### Dataset extract

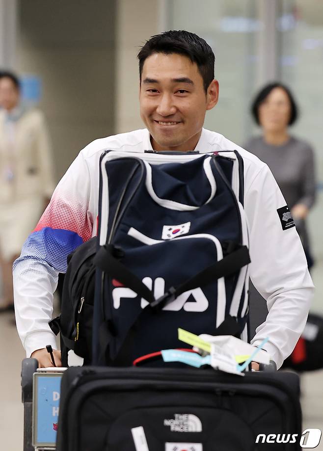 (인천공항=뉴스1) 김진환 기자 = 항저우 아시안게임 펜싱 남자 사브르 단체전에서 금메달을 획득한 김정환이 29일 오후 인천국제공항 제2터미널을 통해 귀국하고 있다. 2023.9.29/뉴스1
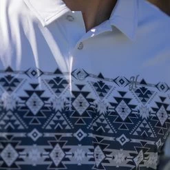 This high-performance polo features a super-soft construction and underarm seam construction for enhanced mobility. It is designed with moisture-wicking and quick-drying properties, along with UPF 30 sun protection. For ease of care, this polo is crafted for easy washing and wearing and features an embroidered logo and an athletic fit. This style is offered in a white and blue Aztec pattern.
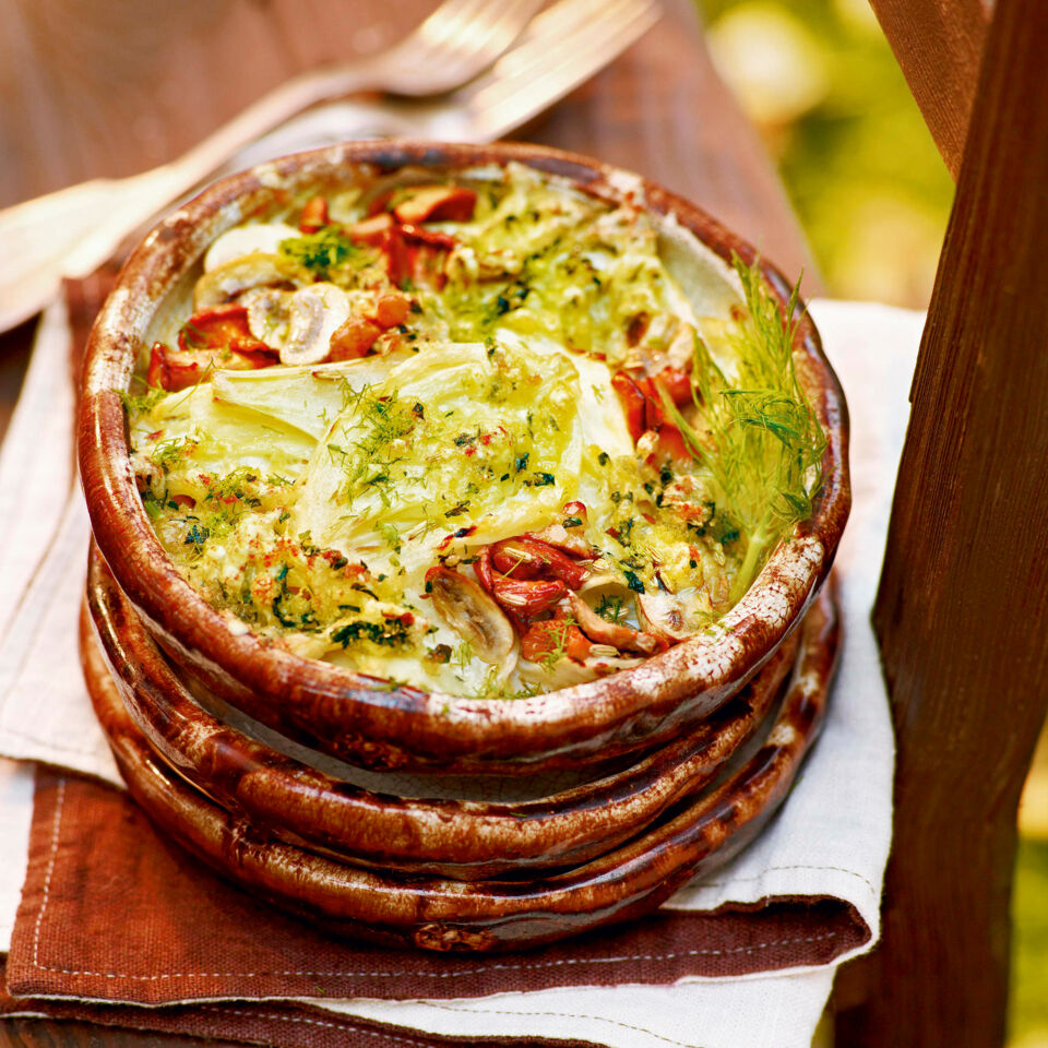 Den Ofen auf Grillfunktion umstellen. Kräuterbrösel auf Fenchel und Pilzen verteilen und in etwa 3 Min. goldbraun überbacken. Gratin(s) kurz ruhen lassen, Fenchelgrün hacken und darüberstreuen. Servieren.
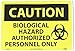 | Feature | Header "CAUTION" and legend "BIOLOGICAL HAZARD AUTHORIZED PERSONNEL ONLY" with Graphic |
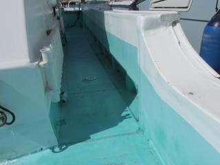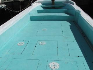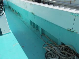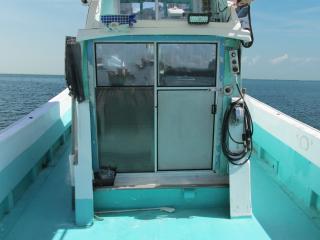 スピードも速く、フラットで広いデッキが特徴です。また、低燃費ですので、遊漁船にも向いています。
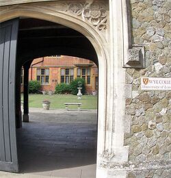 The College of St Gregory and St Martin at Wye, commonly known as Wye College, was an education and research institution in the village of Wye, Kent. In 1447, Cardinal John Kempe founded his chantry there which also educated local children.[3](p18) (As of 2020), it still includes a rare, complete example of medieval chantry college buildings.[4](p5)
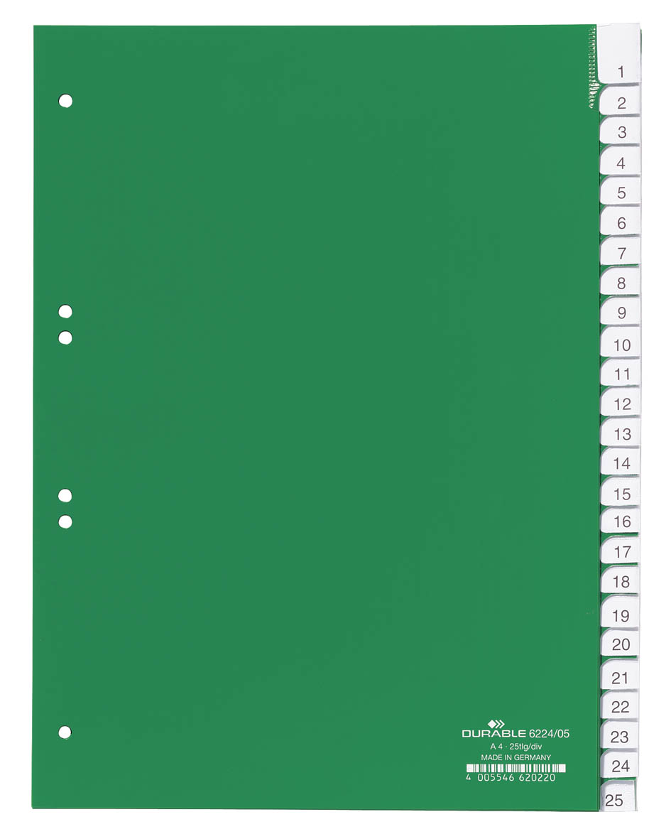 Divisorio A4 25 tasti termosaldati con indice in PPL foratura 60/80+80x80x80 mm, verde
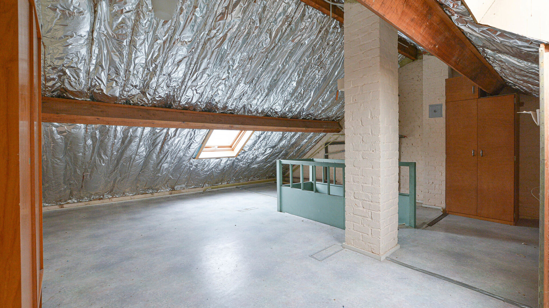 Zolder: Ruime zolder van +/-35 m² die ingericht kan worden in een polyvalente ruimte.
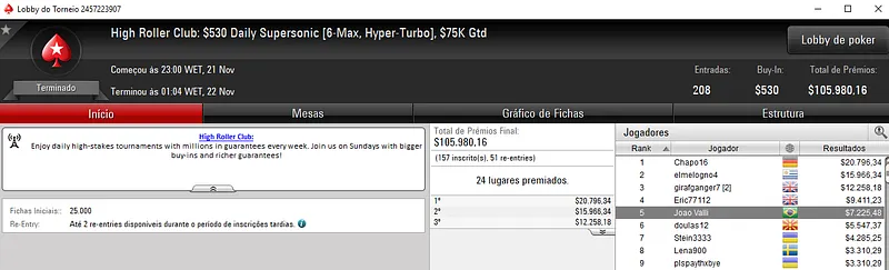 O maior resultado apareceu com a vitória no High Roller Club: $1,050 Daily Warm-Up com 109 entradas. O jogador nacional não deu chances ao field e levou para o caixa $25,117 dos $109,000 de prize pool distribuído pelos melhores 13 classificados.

### The problem
Without the pictures, repeat exactly the lines running from the line containing "with Graphic |" through the end of the data, both ends included.

### Output of the exercise
 | Feature | Header "CAUTION" and legend "BIOLOGICAL HAZARD AUTHORIZED PERSONNEL ONLY" with Graphic |
 スピードも速く、フラットで広いデッキが特徴です。また、低燃費ですので、遊漁船にも向いています。
 The College of St Gregory and St Martin at Wye, commonly known as Wye College, was an education and research institution in the village of Wye, Kent. In 1447, Cardinal John Kempe founded his chantry there which also educated local children.[3](p18) (As of 2020), it still includes a rare, complete example of medieval chantry college buildings.[4](p5)
 Divisorio A4 25 tasti termosaldati con indice in PPL foratura 60/80+80x80x80 mm, verde
 Zolder: Ruime zolder van +/-35 m² die ingericht kan worden in een polyvalente ruimte.
 O maior resultado apareceu com a vitória no High Roller Club: $1,050 Daily Warm-Up com 109 entradas. O jogador nacional não deu chances ao field e levou para o caixa $25,117 dos $109,000 de prize pool distribuído pelos melhores 13 classificados.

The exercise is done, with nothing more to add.